═════ Records shown

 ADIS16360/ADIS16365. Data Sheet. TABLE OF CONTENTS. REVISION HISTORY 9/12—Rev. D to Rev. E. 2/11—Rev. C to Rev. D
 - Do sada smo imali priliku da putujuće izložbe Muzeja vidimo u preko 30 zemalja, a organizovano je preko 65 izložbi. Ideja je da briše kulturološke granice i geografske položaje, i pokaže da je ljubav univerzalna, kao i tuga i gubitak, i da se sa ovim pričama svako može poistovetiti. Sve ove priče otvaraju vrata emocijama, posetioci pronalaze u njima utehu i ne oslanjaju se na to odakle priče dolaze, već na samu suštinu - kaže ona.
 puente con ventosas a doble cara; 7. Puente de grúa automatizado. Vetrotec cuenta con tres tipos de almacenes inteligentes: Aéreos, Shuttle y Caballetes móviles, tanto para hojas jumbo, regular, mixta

══════════
═════ Records shown

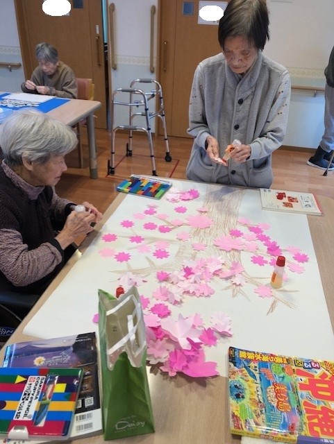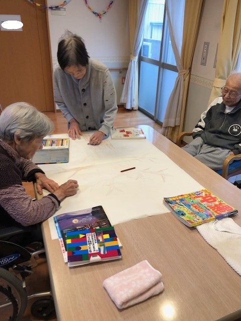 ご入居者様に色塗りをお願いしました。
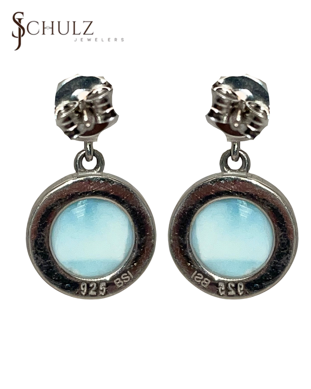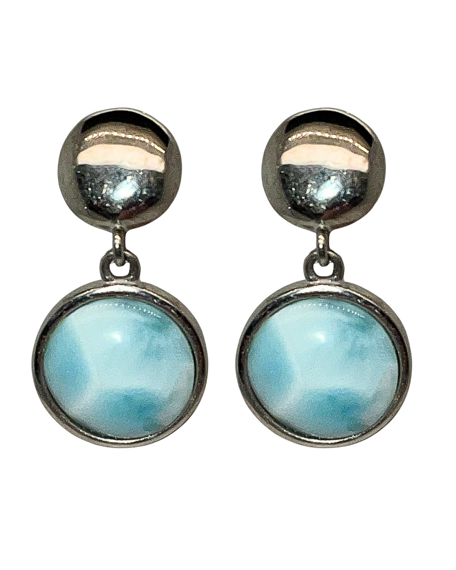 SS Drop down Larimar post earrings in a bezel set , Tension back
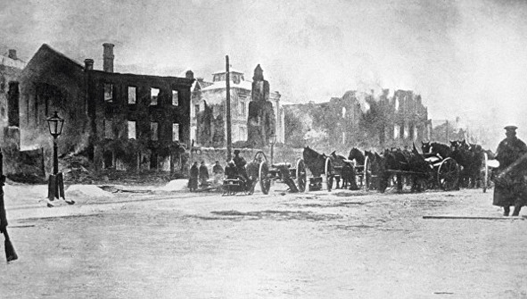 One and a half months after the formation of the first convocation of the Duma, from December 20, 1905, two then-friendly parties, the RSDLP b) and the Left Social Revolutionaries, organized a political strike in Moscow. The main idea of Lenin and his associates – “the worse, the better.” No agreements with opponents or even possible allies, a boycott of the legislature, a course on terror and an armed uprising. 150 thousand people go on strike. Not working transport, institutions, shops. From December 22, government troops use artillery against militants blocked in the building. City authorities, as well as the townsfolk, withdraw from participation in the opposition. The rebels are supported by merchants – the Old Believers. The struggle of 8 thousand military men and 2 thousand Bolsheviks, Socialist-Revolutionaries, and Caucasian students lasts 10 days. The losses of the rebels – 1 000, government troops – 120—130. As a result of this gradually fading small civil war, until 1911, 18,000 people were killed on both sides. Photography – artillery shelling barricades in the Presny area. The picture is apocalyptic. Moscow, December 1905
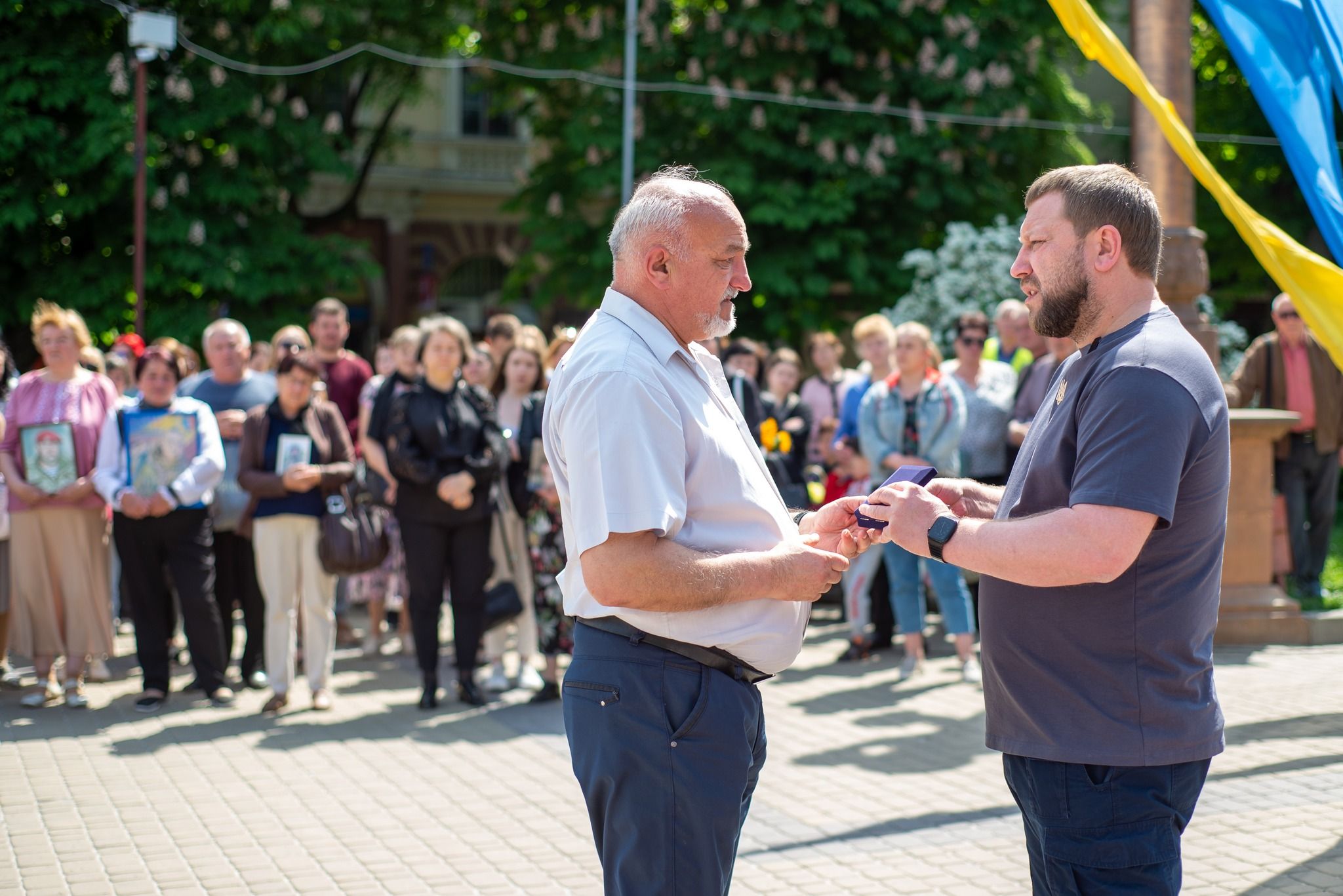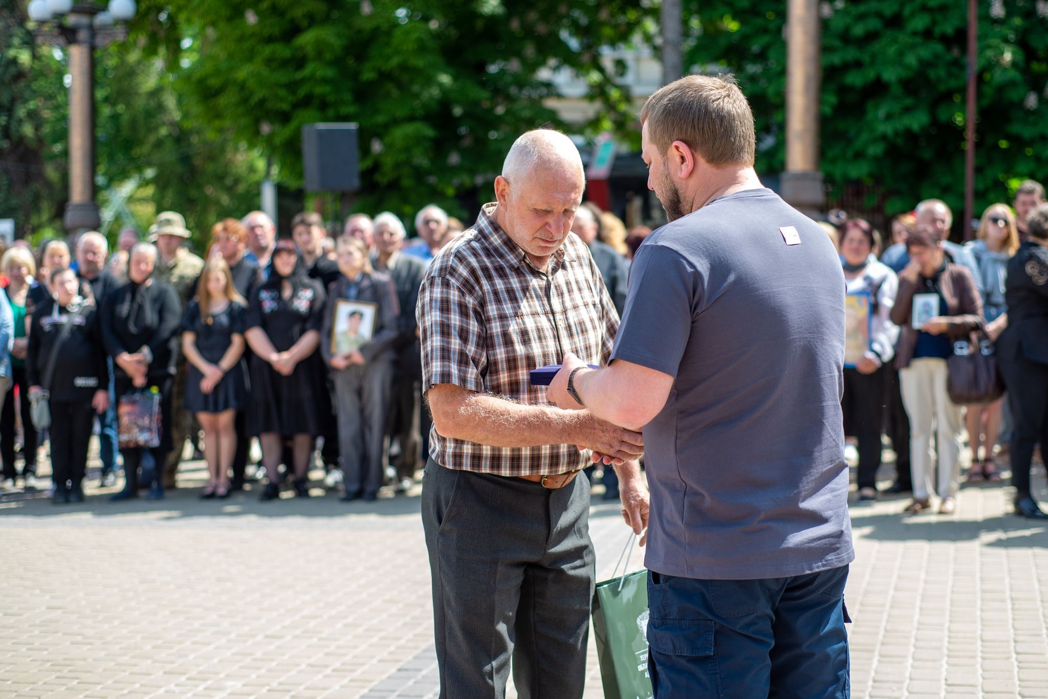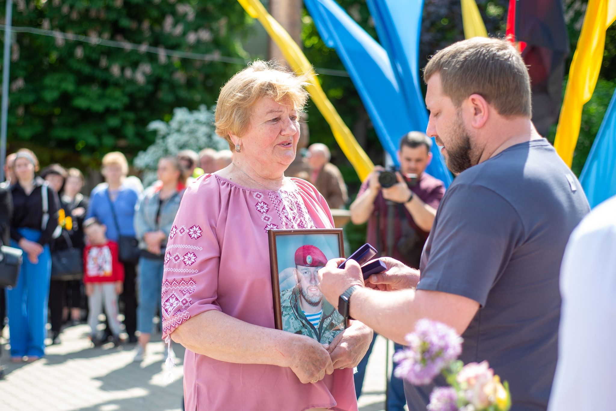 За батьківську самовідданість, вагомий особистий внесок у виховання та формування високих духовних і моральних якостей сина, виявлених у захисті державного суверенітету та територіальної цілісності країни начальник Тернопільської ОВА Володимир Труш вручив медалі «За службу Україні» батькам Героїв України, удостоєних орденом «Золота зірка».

══════════
═════ Records shown

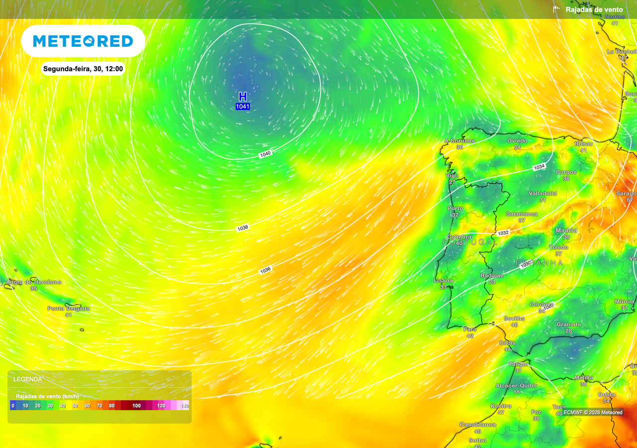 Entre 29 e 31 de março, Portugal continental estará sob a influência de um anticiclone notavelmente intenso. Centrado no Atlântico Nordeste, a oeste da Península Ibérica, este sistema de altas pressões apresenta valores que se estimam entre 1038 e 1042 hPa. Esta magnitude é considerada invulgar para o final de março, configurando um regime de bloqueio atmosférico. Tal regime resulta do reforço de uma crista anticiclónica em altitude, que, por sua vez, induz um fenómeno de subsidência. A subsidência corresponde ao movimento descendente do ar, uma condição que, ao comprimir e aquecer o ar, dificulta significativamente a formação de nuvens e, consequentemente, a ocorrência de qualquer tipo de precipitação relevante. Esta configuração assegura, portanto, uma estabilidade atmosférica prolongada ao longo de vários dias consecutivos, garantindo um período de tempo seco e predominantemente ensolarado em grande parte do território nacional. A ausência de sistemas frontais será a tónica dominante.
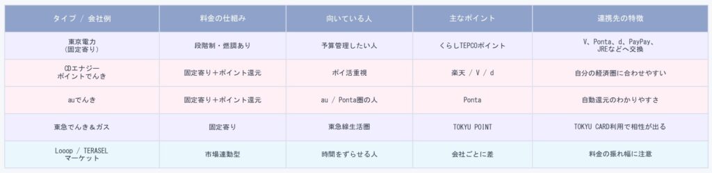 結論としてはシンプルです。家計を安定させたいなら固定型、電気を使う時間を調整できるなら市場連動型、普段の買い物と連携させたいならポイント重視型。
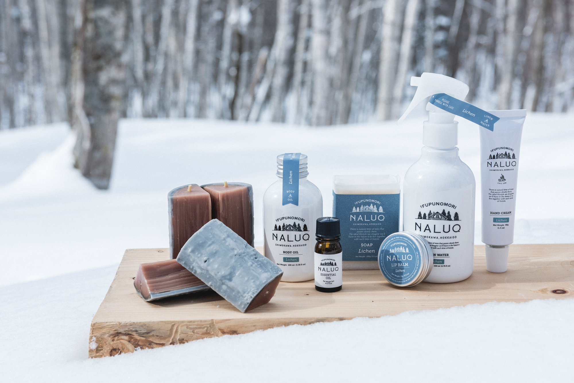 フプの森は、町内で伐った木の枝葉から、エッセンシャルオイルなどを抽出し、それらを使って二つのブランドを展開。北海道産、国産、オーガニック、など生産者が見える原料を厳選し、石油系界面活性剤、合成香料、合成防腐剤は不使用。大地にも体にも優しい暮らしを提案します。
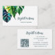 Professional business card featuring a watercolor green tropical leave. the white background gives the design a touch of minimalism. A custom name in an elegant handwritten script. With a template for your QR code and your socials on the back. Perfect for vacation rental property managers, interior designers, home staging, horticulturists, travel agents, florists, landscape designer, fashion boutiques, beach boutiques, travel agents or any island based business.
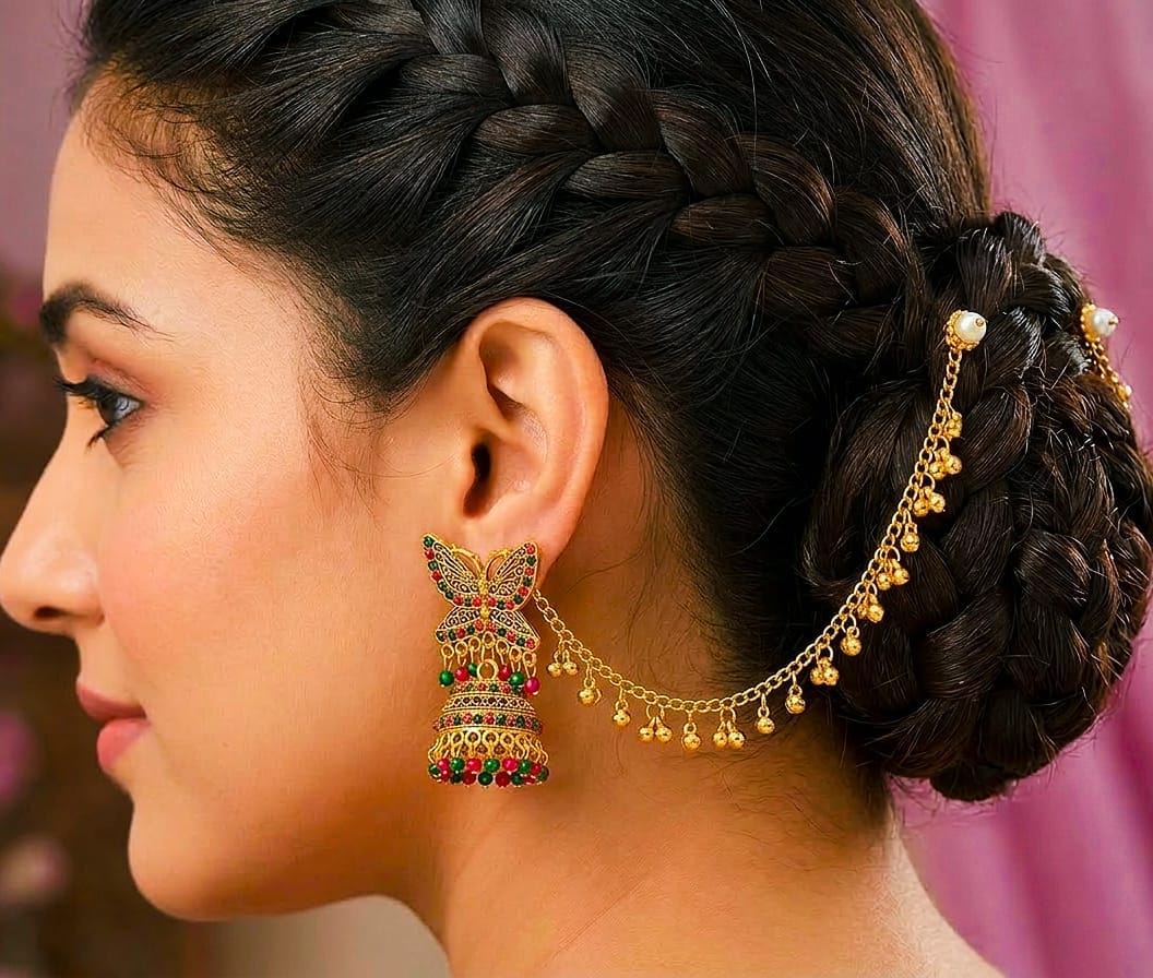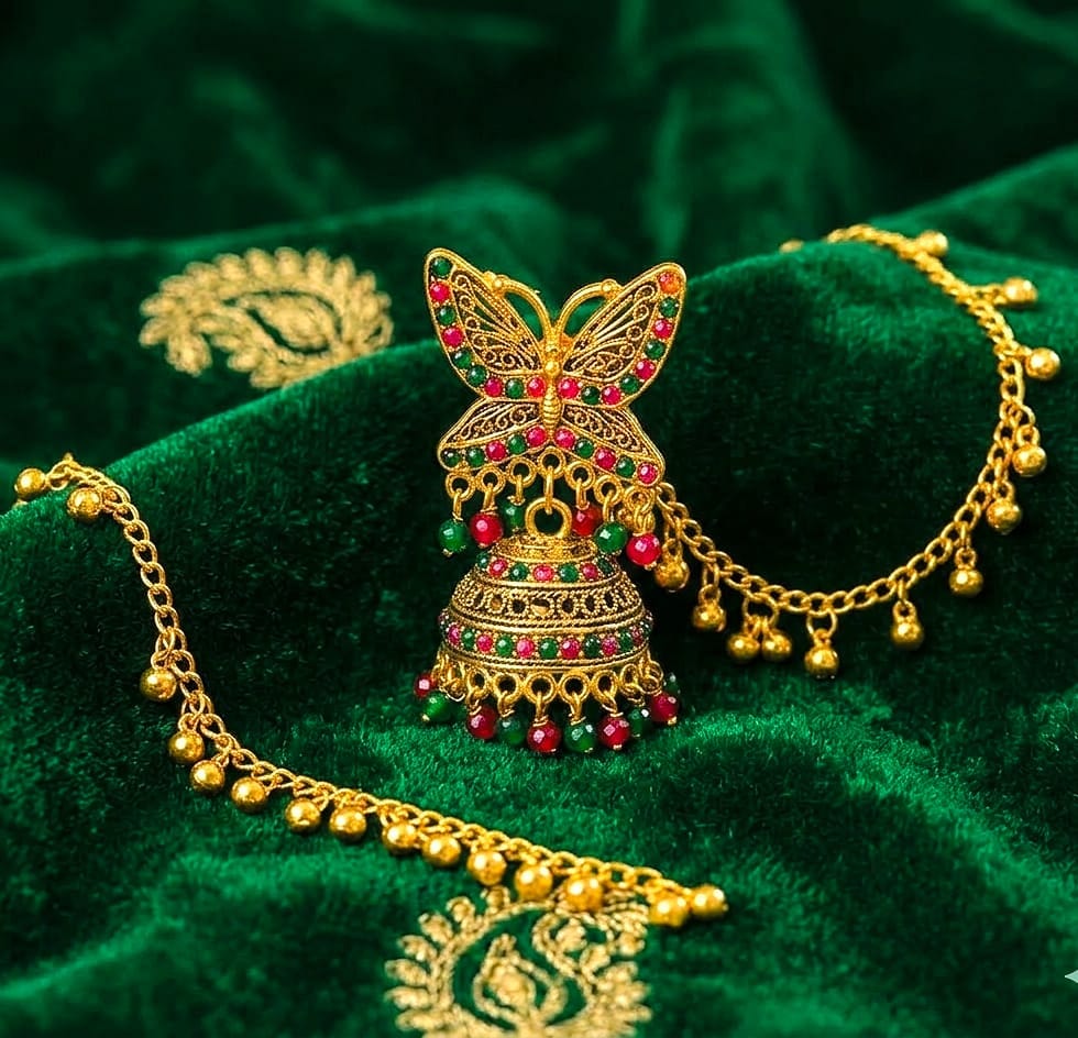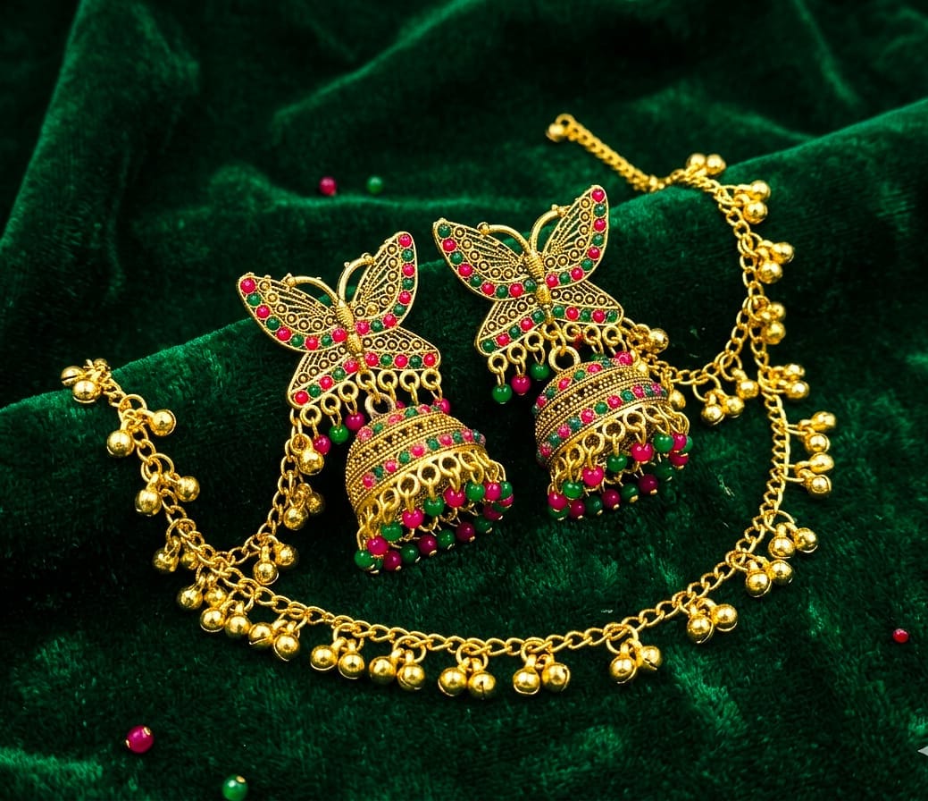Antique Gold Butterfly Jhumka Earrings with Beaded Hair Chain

══════════

Only one stretch of the entries above is wanted: the lines from the one containing "- Do sada smo" through the one containing "puente con ventosas". Please reproduce it exactly.

Answer section:
 - Do sada smo imali priliku da putujuće izložbe Muzeja vidimo u preko 30 zemalja, a organizovano je preko 65 izložbi. Ideja je da briše kulturološke granice i geografske položaje, i pokaže da je ljubav univerzalna, kao i tuga i gubitak, i da se sa ovim pričama svako može poistovetiti. Sve ove priče otvaraju vrata emocijama, posetioci pronalaze u njima utehu i ne oslanjaju se na to odakle priče dolaze, već na samu suštinu - kaže ona.
 puente con ventosas a doble cara; 7. Puente de grúa automatizado. Vetrotec cuenta con tres tipos de almacenes inteligentes: Aéreos, Shuttle y Caballetes móviles, tanto para hojas jumbo, regular, mixta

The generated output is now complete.